By default, all native views are created within the immuta database, which is accessible by the PUBLIC role, so users acting under any Snowflake role can connect. All views within the database have the SELECT permission granted to the PUBLIC role as well, and access is enforced by the access_check function built into the individual views. Consequently, there is no need for users to manage any role-based access to any of the database objects managed by Immuta.

Limitations

  • Immuta is unable to create a corresponding view in Snowflake for data sources

    • that have a differential privacy policy applied,
    • with an external policy handler, or
    • that are using the Advanced Rules DSL.
  • Certain interpolation functions can also block the creation of a native view, specifically @interpolatedComparison() and @iam.

Multiple Snowflake Instances

A user can configure multiple integrations of Snowflake to a single Immuta instance and use them dynamically or with workspaces.

Caveats

  • There can only be one native connection per host.
  • The host of the data source must match the host of the native connection for the native view to be created.
  • Projects can only be configured to use one Snowflake host.

Native Query Audit

Once this feature has been enabled on the App Settings page with the Snowflake native integration, Immuta will run a query against Snowflake to retrieve the query histories. These histories provide audit records for queries against Snowflake native data sources that are queried natively in Snowflake.

This process will happen automatically every 24 hours, or can be manually prompted at any time from the Immuta Audit page. When manually prompted, it will only search for new queries that were created since the latest native query that has been audited. The job is run in the background, so the new queries will not be immediately available.

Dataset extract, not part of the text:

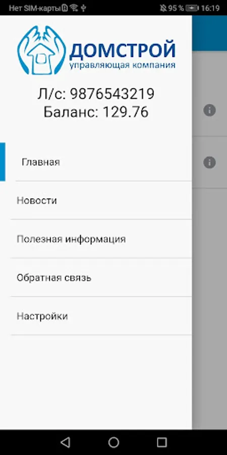 A mobile application for residents of houses managed by the Domstroy Management Company. The main functions of the application:
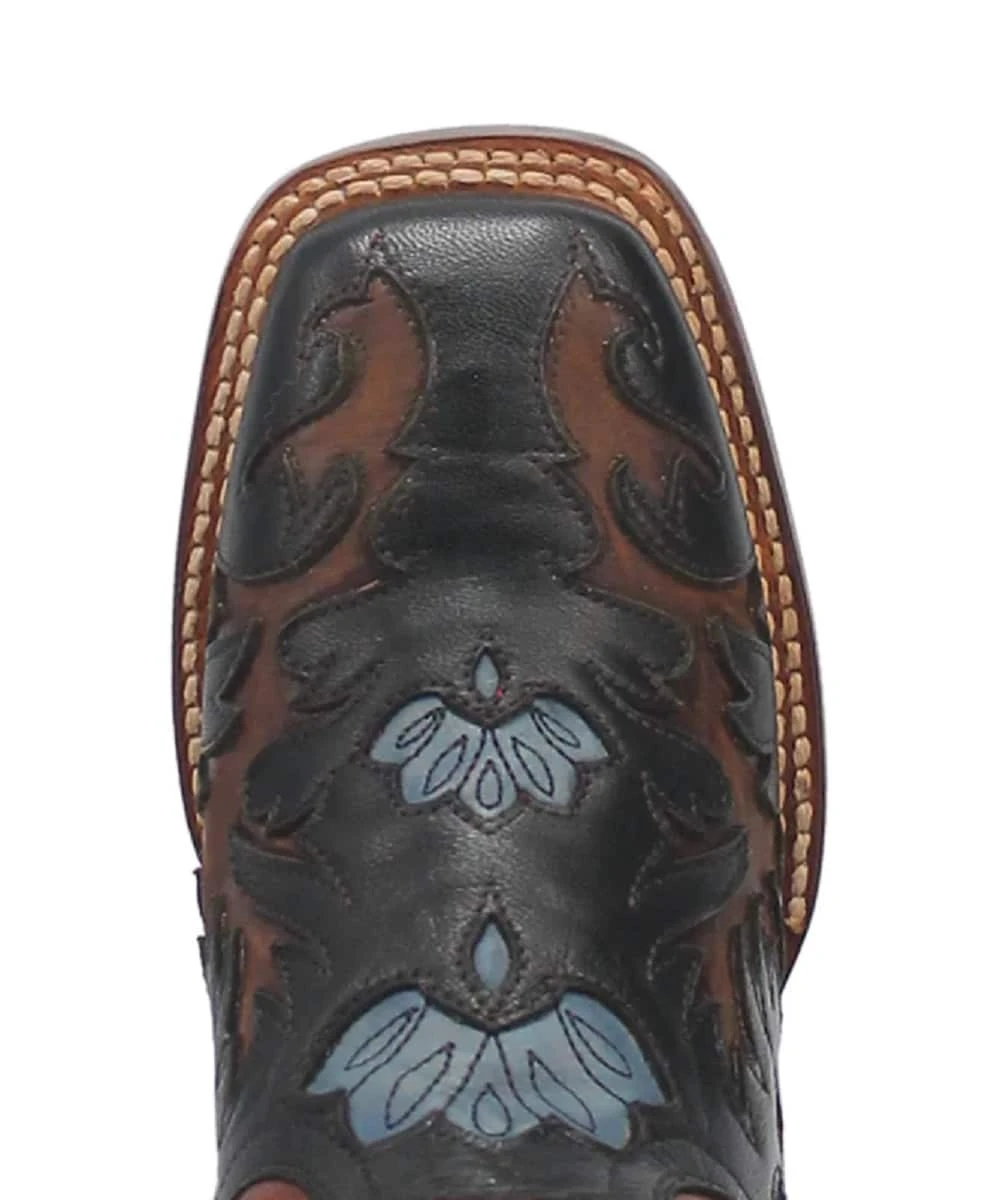 11″ Boot; Leather; Soft Leather Cutouts With Blue, Cream And Brown Underlay Flowers And Leaves Stretching From The Foot To The Top Scalloped Top Line; Leather Lining; Removable Antibacterial And Antifungal Soft Strike Orthotic; 1″ Stockman Heel; Broad Square Toe; Leather Outsole; Style #DP4109

For details about the contents of these audits, see the Native Query Audit Logs page.

Prompt Native Query Audit

To manually prompt the native query audit, click Native Query Audit on the Audit page:

Native Query Button: Audit Page

Alternatively, the schedule for the automatic job can be changed to fit your needs. See instructions for changing the frequency of the automatic job on the App Settings Tutorial page.

Caveats

  • The scheduled and manual jobs that query Snowflake are run in the background. The audit records will not update immediately.
  • If you are relying on the scheduled job, any audit records for queries run in the day will not appear until the next day, at the earliest. In some cases, they could appear another day later.
  • This feature is only available with Snowflake Enterprise or higher.

Snowflake External Catalog

When configuring a native Snowflake integration, you can add Snowflake as an external catalog as well. With this feature enabled, Immuta will automatically ingest Snowflake Object Tags from your Snowflake instance into Immuta and add them to the appropriate data sources.

The Snowflake tags' Key and Value pairs will be reflected in Immuta as two levels: the Key will be the top level and the Value the second. As Snowflake tags are hierarchical, Snowflake tags applied to a database will also be applied to all of the schemas in that database, all of the tables within those schemas, and all of the columns within those tables. For example: If a database is tagged PII, all of the tables and columns in that database will also be tagged PII.

To add Snowflake as an external catalog, follow one of the tutorials below:

Caveats

Snowflake has some natural data latency. If you manually refresh the Governance page to see all tags created globally, users can experience a delay of up to two hours. However, if you run schema detection or a health check to find where those tags are applied, the delay will not occur because Immuta will only refresh tags for those specific tables.

Enable Snowflake

Snowflake is enabled through the App Settings page.

Snowflake Configuration

Once Snowflake has been enabled on an instance, all future Snowflake data sources will also be created natively within the immuta database of the linked Snowflake instance. In addition to creating views, Immuta will also periodically sync user metadata to a system table within the Snowflake instance.